Ok, so my Ed Psych paper was due four minutes ago. Or, rather, four minutes ago was the last time it would be accepted without having marks docked. Have I been to school since Monday morning? Yeah, no. I'm currently at home screaming at the results charts in the research articles I'm using. None of these damned tables use units of measurement. The result for vandalism done by African-Americans between the ages of 14-16 is 2.6. Well, ok, I made that up, but that's what all the results look like. 2.6 what, exactly? I have spent the past three days trying to figure shit like this out. Right now, it's very tempting to just abandon the course and take an EDEL course with Bob next term for my last Ed credits. I won't, though. Instead, I'll just hand in this paper whenever I can get it done--it'll be accepted until Monday. I got above average on the midterm, so if I do as well on my final, I can get a crappy grade on the paper and still pass the course. See, this is why I can't do grad school. ^_^

Anyway, I must get some food and then return to work. Oh, and wish Jenilee a happy birthday. Happy birthday, Jenilee! =)

11/16/2007

Squeaky and Broke, Among Others

It is Friday morning. I handed in my Orchestration assignment yesterday (though I later realized I forgot to add the Scherzando marking... oops), and now I must start in on my EDPY 404 paper. I am 95% certain that I'm writing it on externalizing disorders, like substance abuse, but if I run into serious problems while researching, that may change. We were given a list of topics to choose from, and while we could present our own topic for consideration if we wanted, that was supposed to have been done by the end of September, which it, uh, is not... ^_^ So, yeah, externalizing disorders. I'm not about to touch the adolescent sexuality topic with a thirty-nine-and-a-half-foot pole. It's just not worth getting that annoyed to write a term paper.

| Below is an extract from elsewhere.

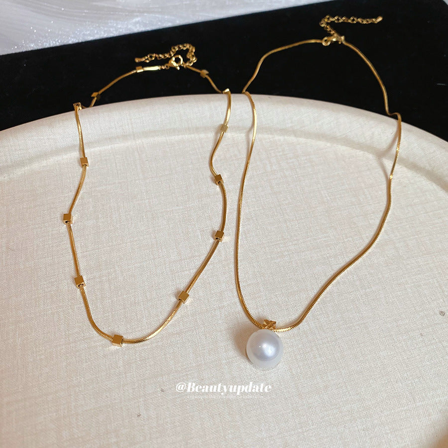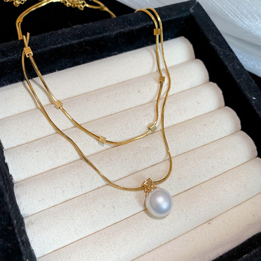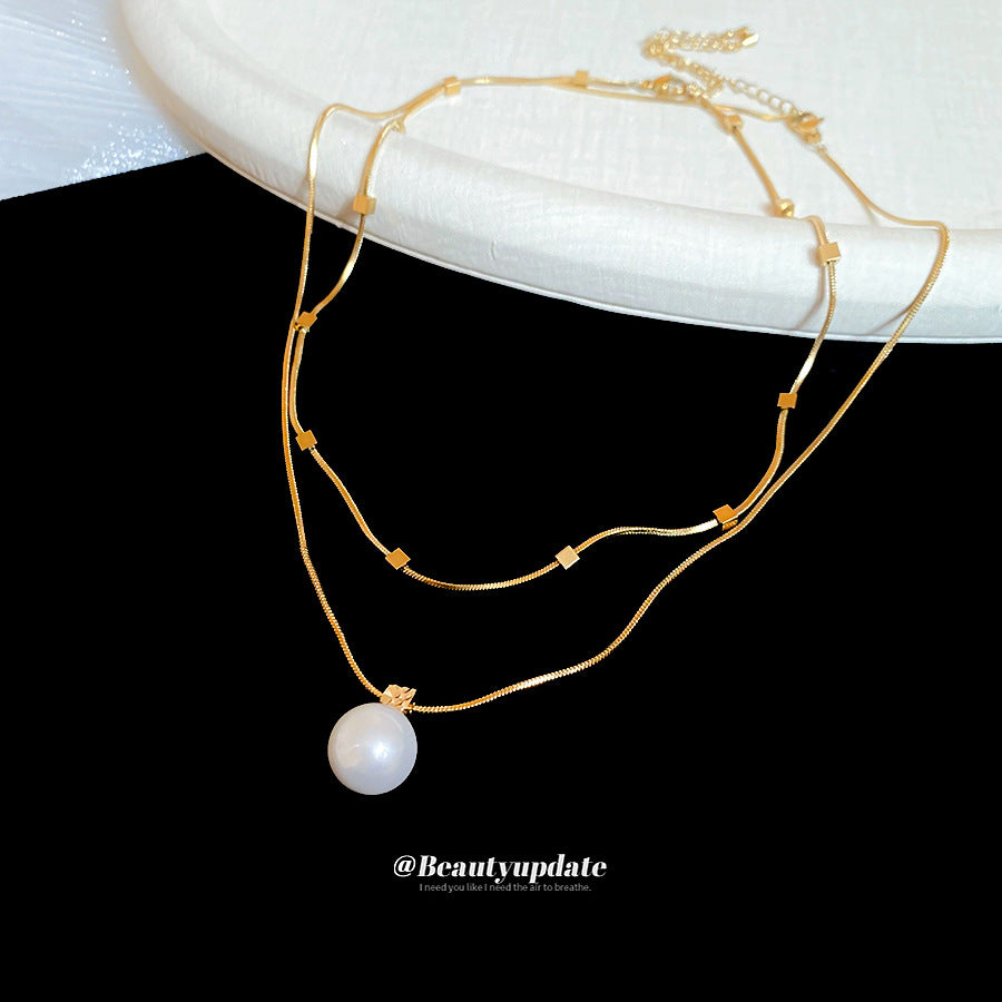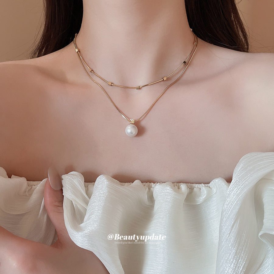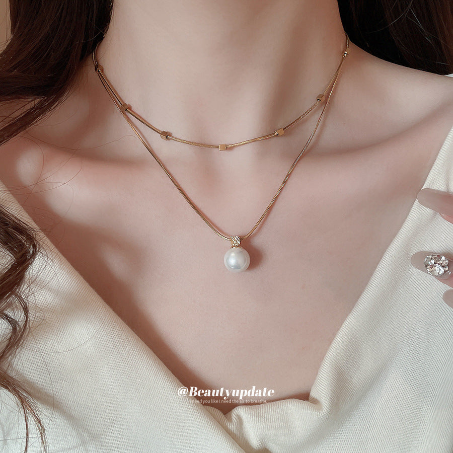 A廠【HN8467】鈦鋼圓形珍珠吊墜雙層項鍊疊戴高級感法式輕奢鎖骨鏈時尚氣質頸鍊 25.04-3

The backspace key on this computer squeaks. Like, "squeak"-squeaks. It would be kind of funny if it wasn't so loud. I'm in the Ed computer lab right now because the authentication programs in the FAB lab are borked. It was kind of weird walking in there and seeing nobody there, but almost all of the computers turned on at 9am. It had kind of a horror movie vibe to it. ^_^

I am annoyed at how long it takes for my paycheques to clear. I am broke until my last one clears, I think on Tuesday of next week. *sigh* I signed up for automatic deposits when I started working at Old Navy, but it never kicked in. Maybe I should re-apply. The whole being broke thing is rather problematic with my caffeine addiction. If anybody is stuck on what to get me for Christmas, Starbucks gift cards will be loved, cherished and used frequently. ^_^

Ok, now I'm procrastinating. (Best graphical representation of procrastination I've ever seen: A pocketwatch sitting in an armchair. There was also the sound of ticking. Ah, old Sierra games. ^_^) Time to get to work.

11/14/2007

On My Second Cup of Coffee

I'm at school, though I'm not really sure why I bothered. I slept through my first class, showed up to skip my second class, and have no intention of going to my third class. The only reason I'm here is because I don't feel like writing out my string orchestra score by hand. I had enough of hand-writing scores in Band Techniques class. And since I've never bothered to finagle myself a copy of Finale, school is the only place I can do this assignment not by hand.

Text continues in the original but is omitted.